Simple neuro tricks : how to change yourself and influence others
The hardest battles in people’s lives and in the world take place imperceptibly, in the depths of the mind. Low self-esteem, depression, addiction, pain cause great suffering, but are exclusively in the head.
Conventional wisdom says that both mental problems, such as anxiety, and milder behavioral problems, such as the inability to follow one’s own passion, need to be solved by changing the mindset. Sean Young, Ph.D., author of Habits for Life, is convinced that this view is fundamentally wrong. Here’s what he says.
Change starts with action
It is often said in books on personal growth and pop psychology that we can influence our behavior by changing our thoughts. But it is not so.
Self-hypnosis is far from the most effective way to overcome fears, gain self-confidence, or, say, get rid of a bad habit. You will not become a different person if you tell your reflection in the mirror every day: “I’m good, I’m smart and, damn it, people like me.”
In fact, everything is exactly the opposite: you need to change actions, and the mind will catch up. This is what neurohacking is based on .
To achieve positive change, you need to make small adjustments in behavior and let your brain think about it. A key element of this process is self-identification.

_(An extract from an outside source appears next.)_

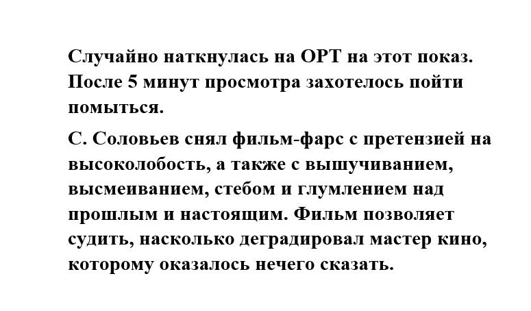 Приведу несколько отзывов о фильме с популярного киноресурса кинотеатр.ру

People often make decisions based on what they think of themselves. And this, in turn, depends on how they acted in the past.
Want to become more responsive? You don’t have to convince yourself that you are. The brain will not believe it if your thoughts are not backed up by actions. Just start actively supporting friends in difficult times or doing volunteer work, and then you will find a new identity – a person who cares about helping people.
The psychological tricks you will read about below work on the same principle: as a result of certain actions, a person forms ideas about himself, and a new identity influences his future decisions and actions. Knowing the techniques of neurohacking , you can change not only your own, but also someone else’s behavior.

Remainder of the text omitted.